When I imagine the next twenty years, the picture I want is a flare lit at sea. A signal that helps the people who are already sailing toward something find each other. The flare burns for as long as the work needs it. The flare is not the boat. The flare is not the captain. The flare is a single point of light in a particular stretch of water, and what it does is make finding possible.

I have been calling this the flare. Sometimes the signal flare. Sometimes — when I am thinking about it as a stretch of years rather than a single piece — the holder. These words behave differently from personal brand in three ways I can name.

First, they do not center the person. The flare is a thing in the world; the holder is a function in a tradition. Both presume the work matters more than the maker.

Second, they are temporary. A flare burns out. A holder hands on. Personal brand implies something permanent — a name that travels with you across decades, a recognizable self. Flare and holder both assume the role is for a stretch and then ends. That assumption is important. It means I am not building toward a permanent self. I am building toward a stretch of useful holding, and then a quiet handoff.

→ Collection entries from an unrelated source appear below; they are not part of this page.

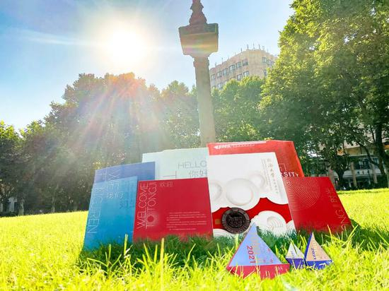 同济大学2021年本科生录取通知书以“乘风破浪”为设计主题。录取通知书里还有3艘小船、可保存200年的时光笔记和“奥利奥”校标等。录取通知书中藏有一份“造船指南”,同学们可以将3张折纸按压痕叠成“同舟号”“共济号”和“梦想号”。希望每一位萌新在同济都能满载期望实现自己的梦想。
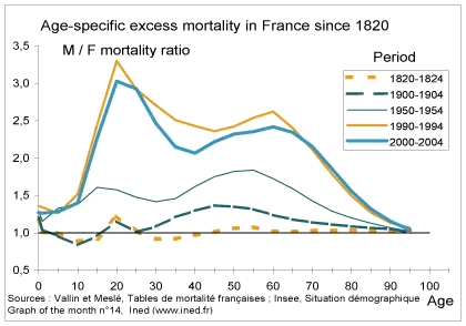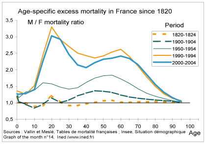 Excess male mortality is measured as the male/female ratio of the probability of dying at a given age, for different groups of years from the early 19th century to the early 21st century: 1820-1824, 1900-1904, 1950-1954, 1990-1994 and 2000-2004.
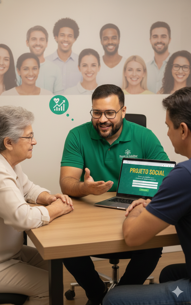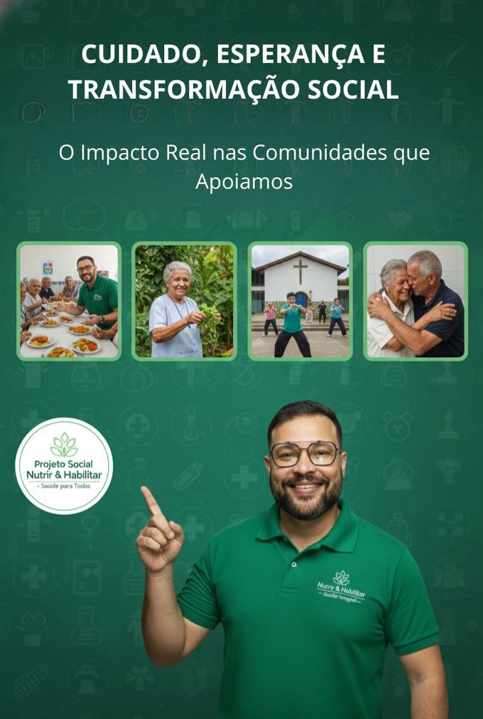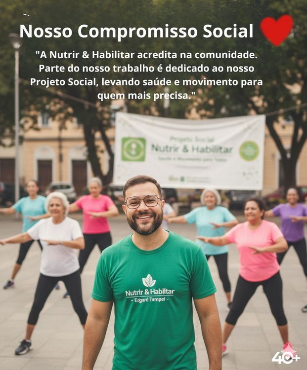 Acreditamos que saúde e qualidade de vida não devem ser privilégio apenas de quem pode pagar. Por isso, realizo o Projeto Social NUTRIR & HABILITAR, que oferece atendimento gratuito por 3 meses para seis pessoas por mês, priorizando idosos e pessoas acima de 40 anos em situação de vulnerabilidade social, com foco em nutrição, movimento e recuperação de autonomia.
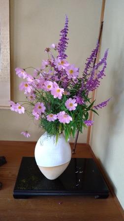 画像は今月の生け花。真ん中のえんじ色がトルコ桔梗だそうだ。
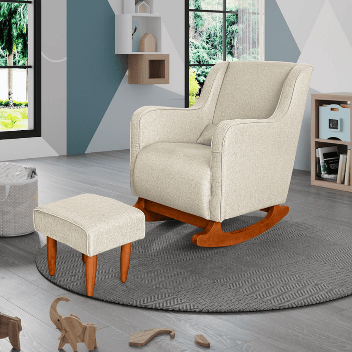 Poltrona Amamentação C / Balanço Cadeira Descanso Aquila com Puff Linho:bege
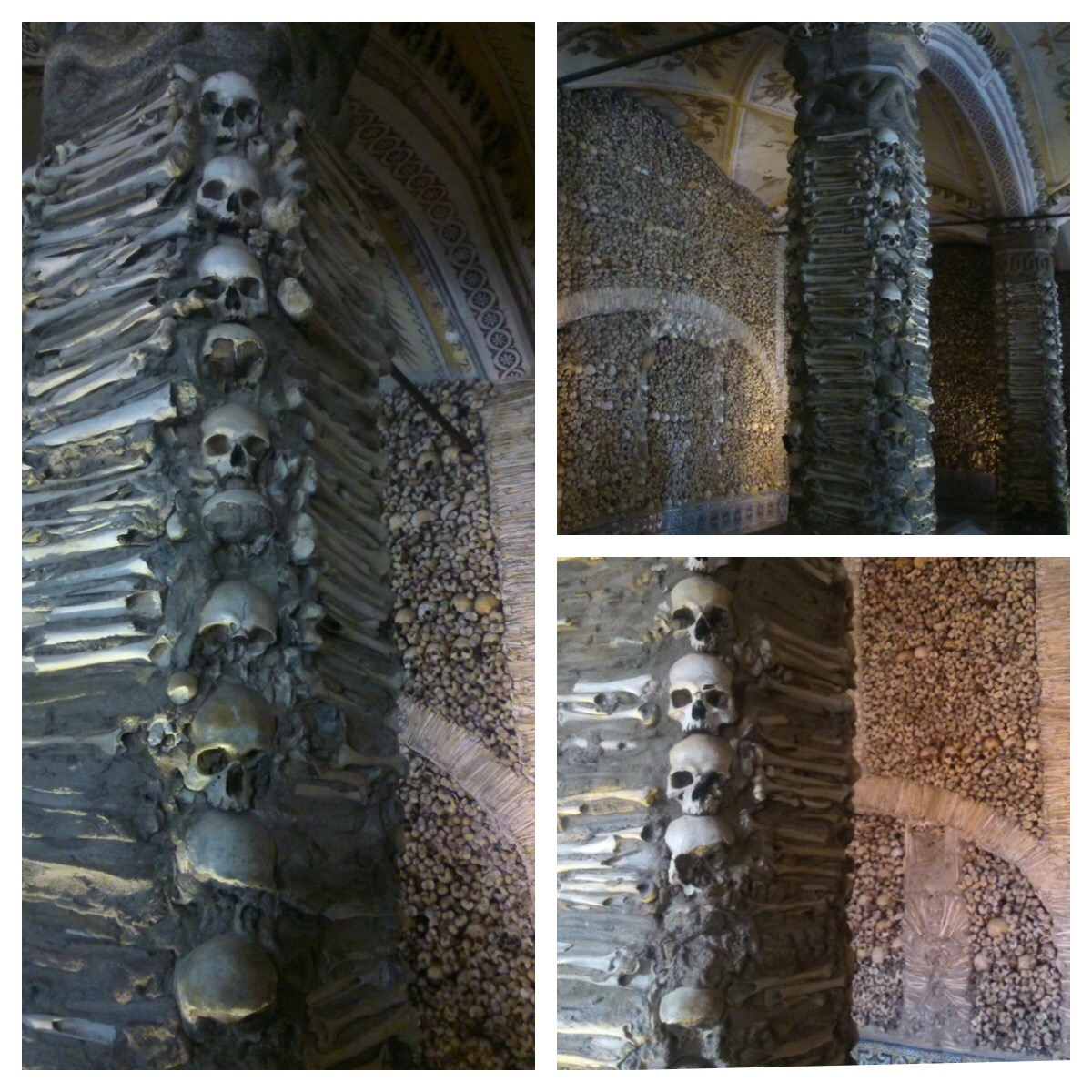 Esta iglesia alberga por cierto una de las más genuinas joyas de Évora: la sobrecogedora y turbadora Capilla de los Huesos. Las paredes y columnas de este enclave, revestidas con miles de huesos y cráneos humanos procedentes de los templos y cementerios de la ciudad, constituyen una silenciosa pero directa advertencia sobre la fugacidad de la vida. “Nosotros los huesos que aquí estamos, por los vuestros esperamos”, reza en el pórtico de entrada a esta estremecedora capilla construida entre finales del siglo XVI y principios del siglo XVII.

Third, they refuse a sales register. Personal brand converts cleanly into pitches: let me help you build your personal brand. Flare does not convert that way. Holder even less. The vocabulary itself does not lend itself to upsell. This is, for me, a feature.


When you study a teacher who is genuinely useful, two things happen. You inherit their mechanics — frameworks, structures, sequences. And you risk inheriting their words.

The mechanics are usually safe. Five P’s are five P’s. The structure of pitch, publish, product, profile, partnership works whether you call yourself a brand or a flare. Mechanics travel.

Words do not travel as easily. Words shape what the work becomes. If you spend ten years saying personal brand, you will, at the end of ten years, have built a personal brand. If you spend ten years saying the work passing through me for this stretch, you will have built something else. Both might be valuable. They will not be the same thing.

The discipline of studying a teacher is, in part, the discipline of separating the mechanics from the words. Take the framework. Notice the vocabulary. Ask whether the vocabulary belongs to your tradition or to theirs. If it belongs to theirs and not yours, name what your tradition calls the same thing, and use that instead.

This is not pedantry. It is not preciousness. It is the protection of a different artistic life from being slowly converted into the teacher’s life by language osmosis.

I have inherited words from teachers before. Bright Shiny Objects is one I now use without quotation marks, because Molly Gordon used it more than a decade ago and it traveled cleanly into the work I am doing now. Holder came from her too. Words can be inherited. The decision is which ones.

Personal brand is one I cannot inherit and remain the person I am trying to be in this work.


If you have been studying a teacher and finding that almost everything they teach works for you, except one or two words that make your chest tighten — pay attention to the chest tightening.

The body knows when a word does not belong in the work you are doing, even before the mind can explain it. The friend who asked me about my personal brand was not wrong to ask. She was asking the question the culture asks. The body’s answer — the long pause, the small collapse — was the data.

You are not obliged to use the words your favorite teachers use. You are not obliged to flinch from those words either. You are obliged, as far as I can see, to know which words belong in your work and which do not, and to find or make the ones that do.

Daniel Priestley taught me, this year, that visibility is part of the work and not a betrayal of it. I am grateful. I will keep studying him. I will keep recommending his books to anyone who is trying to become findable for the right reasons.

I will not say personal brand. I will say flare. I will say holder. I will say the work for this stretch.

If you find your own word for it, send it to me. I have a feeling there are more of us than the teachers know.